Neil Humphreys: Youth's the way to go for Neville's Valencia
Valencia's fledglings may be new coach's best bet
(Santi Mina 86)
(Luis Suarez 59)
La Liga's new superstar stood beside the Singaporean.
Both clad in black, the godfather in waiting and his new boss conjured one of the most surreal images of an already bizarre season.
Standing together and sticking with the solemn look, Gary Neville and Chan Lay Hoon watched their new alliance take shape yesterday morning (Singapore time).
Valencia's incoming coach and the club chairman stood high in the Mestalla as the unlikeliest football relationship in the European game got off to a promising start.
The 1-1 draw against Barcelona was the work of caretaker boss Salvador Gonzalez and assistant Phil Neville, but no one was in any doubt where Valencia's real power resided.
The man in black, standing at the back, his expression inscrutable aside from an occasional shake of the head, was the man of the moment.
The La Liga fixture became Neville Watch. Every incident or near miss was followed by a shot of the new manager, still only 40.
His reach extends beyond his grasp and Valencia's line-up already has the Neville fingerprints on it - whether they belong to Gary or Phil is a moot point.
There were echoes of Fergie's fledglings in Valencia's youthful performance, a belief in enterprise rather than experience for its own sake.
Both Nevilles proved Alan Hansen's quote wrong, going on to win just about everything as kids, and Valencia earned a resilient draw against the champions with a forward line barely out of puberty.
Rodrigo de Paul, 21, Paco Alcacer, 22, and Santi Mina, 19, led the line for the hosts, the latter two conjuring a fabulous equaliser in the dying minutes.
If the 86th-minute punt forward that led to the goal was hopeful, Alcacer's chested control and lay-off to Mina was delightful.
His ability to hold off both Gerard Pique and Javier Mascherano, neither of whom enjoyed their finest outing, before releasing the Spanish teenager defined the kind of No. 9 that once led United's line.
Valencia's 4-3-3, utilising the width of de Paul on the left and Mina and the energetic Danilo, only 19 himself, on the right, had more than a hint of the Class of 92 about it, a formation focused on speed and invention (ironically, the very qualities missing from United's recent performances).
Of course, it's important not to exaggerate Neville's influence, or even the coaching philosophy.
Valencia's youthful line-up was mostly picked out of necessity.
The Los Che were missing seven regulars and the 4-3-3 often morphed into a 4-2-3-1 with Alcacer left to plough a lone furrow as Valencia threw down two rows of defensive sandbags to halt the Catalan deluge.
The hosts were hanging on until Luis Suarez finally broke the deadlock in the 59th minute, when Aymen Adennour was spun like a carousel.
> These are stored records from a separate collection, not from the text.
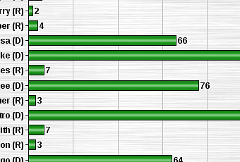 There are only two Republicans with a double-digit number in percentage of votes to protect the environment (Sen. Cruz with 15% and District 4 Rep. Hall with 11%) -- and those tiny percentages leave a lot to be desired. The Republicans have cast their lot with the corporations (oil, gas, coal, energy producers, and others) who are polluting the environment. They have decided that corporate profits are more important than clean air, water, and soil for ourselves and our children and grandchildren -- even though those polluters are making record-breaking profits, and could easily afford to clean up the pollution they produce.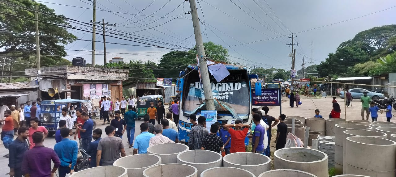 বাবুরহাটে বাস নিয়ন্ত্রন হারিয়ে বিদ্যুতের খুটির সাথে ধাক্কা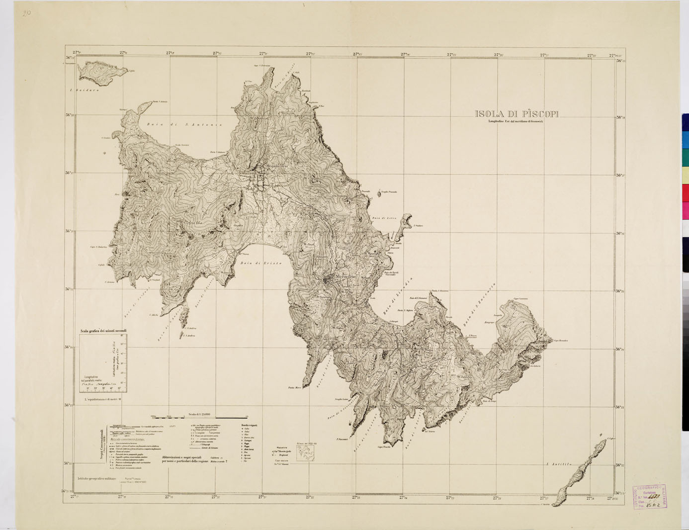 "Rappresentazione orografica a curve di livello l'equidistanza è di metri 10. In basso vi sono i segni convenzionali. Questa carta è riferita al quadro d'unione in allegato a "ISOLE ITALIANE DELL'EGEO - ISOLA DI RODI" al n. di inventario 3349. I.G.M. (FI)"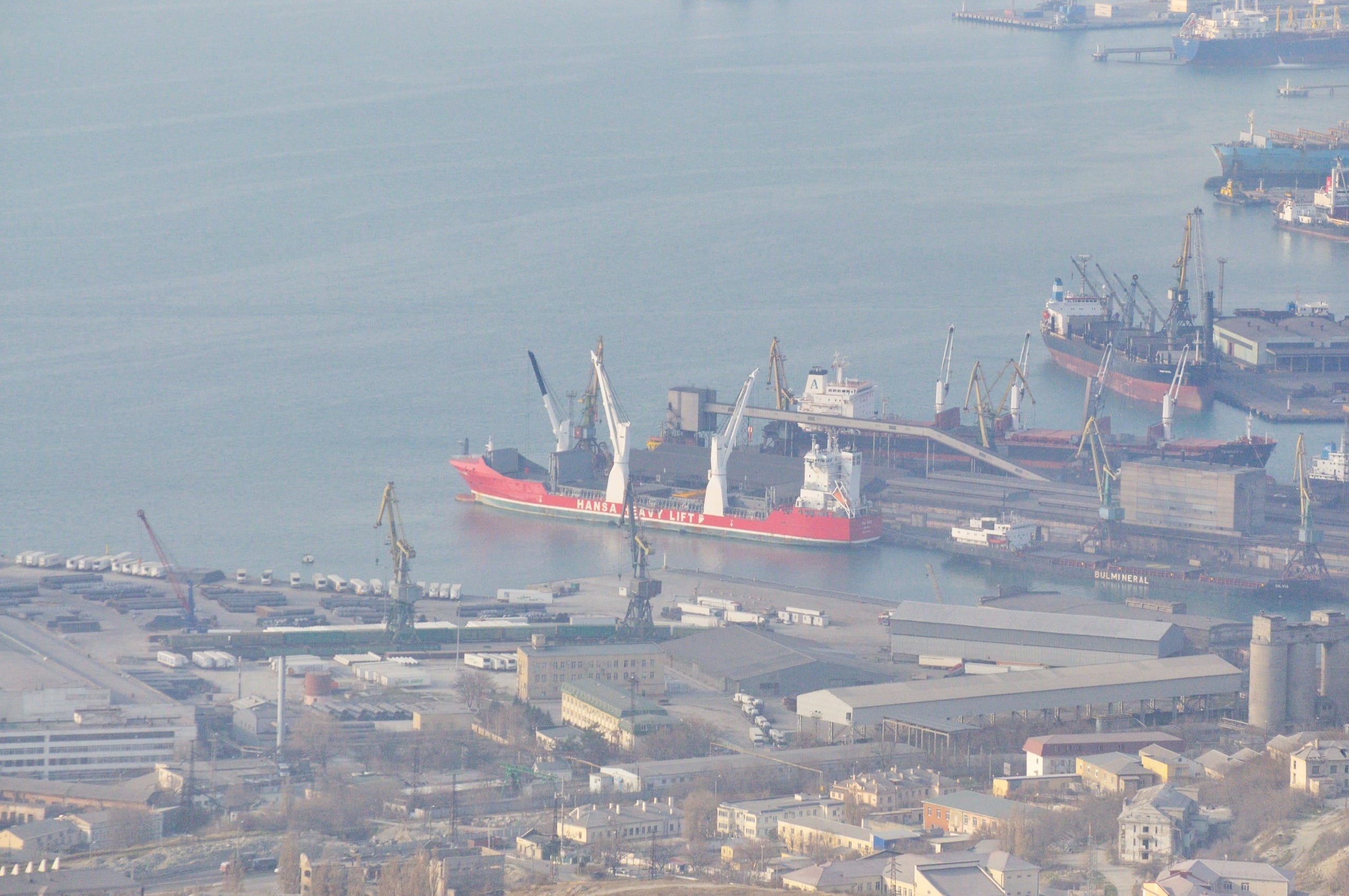 Взгляду открылась мощная индустриальная панорама: забитая кораблями бухта, портовые сооружения с их складами, ангарами, «удочками» портовых кранов, вылавливающих с подходящих сухогрузов богатый улов контейнеров и прочих грузов и, наконец, изрезанные карьерами склоны хребта.

But the centre back was hardly in exclusive company. Like a gangster in a mafia movie, every defender takes a beating from Suarez at some point.
In truth, it was the small incidents that were telling, the little things that give an indication of how Neville intends to raise Peter Lim's Spanish baby.
On a couple of occasions, the man in black's face betrayed him.
When Danilo, the teenage Brazilian, made a fool of Sergio Busquets, a Kodak picture moment in itself, a smile almost escaped Neville's lips.
He was raised on risk-taking under Ferguson, a fullback who frequently charged 80 metres down the right flank on the off-chance that David Beckham might lay the ball off.
Beckham rarely did. He crossed better. Both men knew it. But that never stopped Neville vacating his post and taking educated, calculated risks.
Neville doesn't believe it's possible to win without honest enterprise.
The energetic industry of de Paul, Alcacer and Mina across the front line offered a glimpse of Valencia's direction.
So did a rueful shake of the head. It only happened once, but it was enough.
In the first half, Enzo Perez dashed into the box to meet a cross and chucked himself to the floor after a non-challenge from Pique.
Neville started to shake his head, but then checked himself, perhaps remembering the omnipresent cameras.
Perez's dive was the act of a cynical veteran.
The 29-year-old was later substituted, replaced by Zakaria Bakkali. The 19-year-old Belgian spearheaded the late recovery.
Valencia had picked up a precious point with precocious talents.
Up in the stands, the superstar and his Singaporean boss could reflect on a satisfactory evening.
Valencia remain a work in progress. But, at the very least, the kids are all right.